I couldn't find live coverage anywhere this morning, except on NASA's choppy Ustream. But it was still exciting:
LAUREL, Md. — It was like New Year’s Eve in Times Square as the countdown clock ticked down to zero.
“We’re going to do our 10-9-8 thing and you can get your flags out,” S. Alan Stern, the principal investigator for NASA’s New Horizons mission to Pluto told the people gathered at the Johns Hopkins Applied Physics Laboratory here, which is operating the mission. “We’re going to go absolutely ape.”
At about 7:50 a.m. Tuesday, NASA’s New Horizons spacecraft made it closest pass by Pluto, coming within 7,800 miles of the surface.
The crowd, which included the children of Clyde Tombaugh, the astronomer who discovered Pluto in 1930, cheered.
As soon as it arrived, New Horizons. was leaving, speeding along its trajectory at 31,000 miles per hour.
For now, no one knows how the spacecraft is faring.

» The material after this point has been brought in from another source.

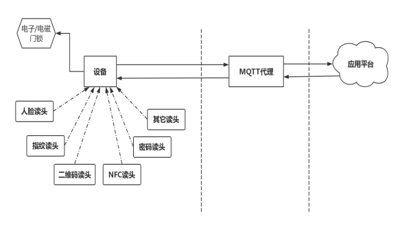 # 📘 VF-MQTT 协议文档 V1.1.37-13 # 一、概述 ## 1.1 文档简介 本文档提供一套直接访问设备的接口规范,用于推送和获取设备信息。使用者购买设备后,可根据本接口说明进行自定义开发,构建完整的门禁系统或相关应用系统。 **核心功能** 本协议文档涵盖以下核心功能模块: | 功能模块 | 说明 | |---------|------| | **设备管理** | 远程配置设备参数、网络设置、系统升级、设备控制等 | | **用户管理** | 用户注册、修改、删除、查询,支持批量同步操作 | | **凭证管理** | 人脸凭证、IC卡、二维码等多种认证方式的添加与删除 | | **权限管理** | 用户通行权限的配置与同步 | | **记录上报** | 通行记录、报警信息、设备状态等实时上报 | | **信息传递** | 心跳、日志、门磁状态等信息的主动上报 | **通信协议** 接口使用 **MQTT(Message Queuing Telemetry Transport)** 通信协议,具有以下特点: - **轻量级**:基于发布/订阅模式,协议开销小,适合物联网设备 - **双向通信**:支持设备与服务器之间的双向实时通信 - **可靠性**:支持QoS(服务质量)等级,确保消息可靠传输 - **灵活性**:可对接各种通用的MQTT代理(Broker),如EMQ X、Mosquitto、RabbitMQ等 **快速开始** 1. **准备MQTT代理**:部署MQTT Broker,配置设备接入参数 2. **设备接入**:配置设备连接MQTT服务器,确保设备在线 3. **接口调用**:根据本文档接口规范,通过MQTT Topic进行消息收发 4. **业务集成**:将设备功能集成到自有业务系统中 ## 1.2 应用场景 当需要对接自己的业务系统时,可以通过使用接口通过MQTT协议直接与设备通讯。 **系统架构示意**  图1\.1\-1 MQTT代理业务 上图展示了典型的MQTT通信架构: - **设备端**:智能终端设备(人脸识别门禁机) - **MQTT代理**:消息中间件,负责设备与业务系统之间的消息转发 - **业务系统**:客户自有的管理平台或应用系统 - **通信方式**:设备与业务系统通过MQTT协议进行双向通信 ## 1.3 接口规范 接口使用MQTT协议,分为上行与下行: 上行:是指设备上发消息给后台或应用。 下行:是指后台或应用下发消息给设备。 通信中间通过MQTT代理,消息包含消息topic与消息内容,格式如下: **消息topic** 消息标题,不管是上行还是下行,发送指令和返回指令的规则是”指令”和”指令\_reply”。格式如下: ```text 下行:20211214/cmd/{#deviceSn}/xxxx ``` 对应的返回指令(上行):20211214/cmd/xxxx\_reply ```text 上行:20211214/event/yyyy ``` 对应的返回指令(下行):20211214/event/{\#deviceSn}/yyyy\_reply 注:20211214是接口版本的特定标识,cmd表示由后台或应用主动给设备发送指令,event表示设备主动给后台或应用发送消息或触发事件。 **消息内容** 文本格式的消息内容,内容为Json格式 **发送消息** 发送指令的格式固定,都包含serianNo、deviceSn、data,如: ```json { "serialNo": "00000001af", "deviceSn": "xxxxxxxx", "data": "" } ``` serialNo:消息序列号,10位字符串,包含的字母和数字,必需要有。 deviceSn:设备序列号,设备的唯一地址,用于通讯时保证设备是有效的设备,必须要有。 data:不同的指令对应的 data 内容不一样,可以是任何类型。 **返回消息** 返回消息格式固定都包含serianNo、deviceSn、result、code、message、data,如: ```json { "serialNo": "00000001af", "deviceSn": "xxxxxxxx", "result": 0, "code": "LAN_SUS-0000", "message": "", "data": "" } ``` serialNo:消息序列号,10位字符串,包含的字母和数字。 deviceSn:设备序列号,设备的唯一地址,用于通讯时保证设备是有效的设备。 result :0表示成功,非0表示失败。 code :错误码。 message :出错的原因信息或成功的提示信息, data:不同的指令对应的 data 内容不一样,可以是任何类型。 ## 1.4 注意事项 1. 若调用接口返回提示“参数异常”,请按以下步骤检查: * 检查参数名称是否拼错、参数名称中是否带有空格或回车。 * 检查参数值是否符合规范,如 Int 值未定义、 id 含有数字字母以外的非法字符等。 * Json 中是否多了或少了",请仔细核对每个接口的 消息内容。 ## 1.5 适用范围 此文档适用范围为: 1. 版本号为: v1\.1\.37\-x 及更高版本的设备。版本号中的 X 表示任意数字。 2. <span style="color:red;">弃用的接口将用红色字体标识</span>,<span style="color:orange;">未使用的接口将用橙色字体标识</span>,<span style="color:blue;">某些针对具体设备设备的接口将用蓝色字体标识</span>。 ## 1.6 适配设备 | **设备型号** | **设备名称** | **适配版本** | **备注** | | - | - | - | - | | VF105 | - | VF105-v1.1.37-4626316 | VF105 37版本首版 | # 二、设备管理类接口 ## 2.0 接口概述 设备管理类接口提供对智能终端设备的全方位远程管理能力,是构建门禁系统的核心基础。通过这些接口,管理员可以在不接触物理设备的情况下,完成设备的配置、监控、维护和升级等操作。 ### 功能分类 | 分类 | 接口 | 功能说明 | |------|------|----------| | **安全管理** | 2.1 设置设备密码 | 配置设备登录密码和HTTP接口密码 | | **状态控制** | 2.2 设备禁用/启用<br>2.3 设备重置<br>2.10 远程控制 | 控制设备运行状态、恢复出厂设置、执行远程指令 | | **系统维护** | 2.4 设备升级<br>2.5 设备信息查询<br>2.11 摄像头标定 | 系统升级、获取设备状态、校准摄像头 | | **配置管理** | 2.6 设备配置查询<br>2.7 设置设备配置<br>2.8 网络配置<br>2.9 设置设备时间 | 查询和修改设备配置参数、网络设置、系统时间 | ### 核心能力 **主界面配置**:设置设备屏幕首页显示内容(如欢迎语、公司 Logo、时间日期、

New Horizons, which is in the middle of 22 hours of automated scientific observations, will not check in with mission controllers for several more hours, with the signal scheduled to arrive on Earth at 8:53 p.m. By tomorrow, the spacecraft will be mostly finished with the data collecting phase of the mission and begin sending back the trove of information for scientists to delve into.